# Whinning .....



## Logan Novice (Dec 10, 2020)

I found a buyer for my Logan ...  it's gone.
So I ordered a Precision Matthews

*PM-1127VF-LB Lathe* w/DRO



Neglected to call  them  -  just ordered it on-line.      Bad idea.  Got the notice that it (and the stand, and just about everything else) is on back order.  It now looks like I'll be without a lathe until sometime in February.  Most likely late February.  It's my own fault so I really can't complain.  But I thought it might be worth sharing what I learned with others.. * IF YOU'RE ORDERING FROM PRECISION MATTHEWS, CALL THEM BEFORE  YOU PUSH THE BUTTON. *


----------



## DavidR8 (Dec 10, 2020)

Congratulations!
Now the waiting begins 


Sent from my iPhone using Tapatalk


----------



## Liljoebrshooter (Dec 10, 2020)

Its not just PM,  Its everything right now.  

Joe


----------



## addertooth (Dec 10, 2020)

I was perplexed by the title "whinning", it seemed a combination of "Winning and Whining".  The purchase of such a fine lathe is certainly a WIN!


----------



## Ken from ontario (Dec 10, 2020)

Logan Novice said:


> I found a buyer for my Logan ...  it's gone.
> So I ordered a Precision Matthews
> 
> *PM-1127VF-LB Lathe* w/DRO
> ...


February is not that far away, it's not like you had a better alternative anyway. you will have a decent lathe for a long time.


----------



## Shootymacshootface (Dec 10, 2020)

It will be here before you know it. A little trick that my son showed me is, if you have a mill you can still turn small stuff. You put the work in the spindle and a piece of hss in the vise and cut away. I've done it, and it works surprisingly well.


----------



## lis2323 (Dec 10, 2020)

addertooth said:


> I was perplexed by the title "whinning", it seemed a combination of "Winning and Whining". The purchase of such a fine lathe is certainly a WIN!

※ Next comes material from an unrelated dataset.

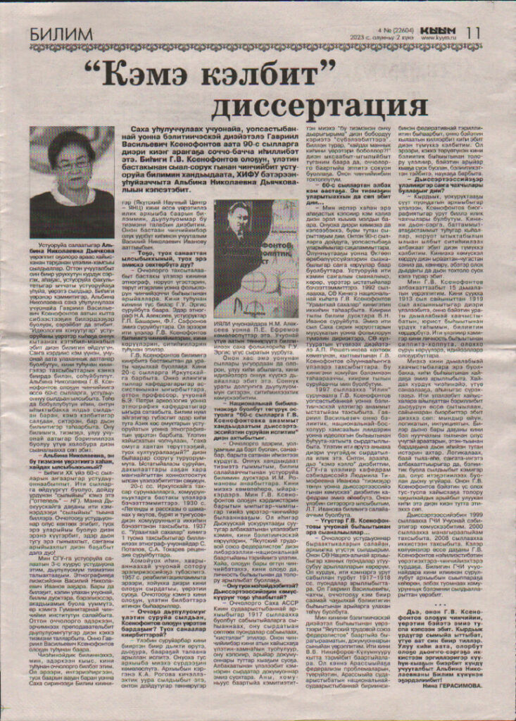 Г. В. Ксенофонтов туһунан “Кыым” хаһыакка 2023 с. олунньу ыйыгар тахсыбыт Нина Герасимова «Кэмэ кэлбит» диссертация» диэн ыстатыйатын билиһиннэрэбит.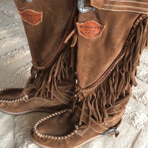 Støvler, har været ganske forsigtigt ude én enkelt gang, hvilket også ses på sålen.

I thought it was posted by Charlie Sheen while on crack. 


Sent from my iPad using Tapatalk


----------



## Suzuki4evr (Dec 11, 2020)

Ken from ontario said:


> you will have a decent lathe for a long time.

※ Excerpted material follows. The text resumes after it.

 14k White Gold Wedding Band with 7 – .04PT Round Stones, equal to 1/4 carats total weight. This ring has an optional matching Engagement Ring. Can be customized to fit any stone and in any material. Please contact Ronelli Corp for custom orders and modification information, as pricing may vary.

Yes but he will have withdrawal until then.


----------



## BGHansen (Dec 11, 2020)

So your handle is changing from "Logan  Novice" to "PM Enthusiast"?

Bruce


----------



## Shootymacshootface (Dec 11, 2020)

BGHansen said:


> So your handle is changing from "Logan  Novice" to "PM Enthusiast"?
> 
> Bruce


Lol, I know people on Screemandfly that used a boat   make or model in their screen name, and haven't owned that boat for years.


----------



## Logan Novice (Dec 16, 2020)

BGHansen said:


> So your handle is changing from "Logan  Novice" to "PM Enthusiast"?
> 
> Bruce


 Good idea .....    I don't know how to change the original but I was able to add what you suggested.    Thanks.


----------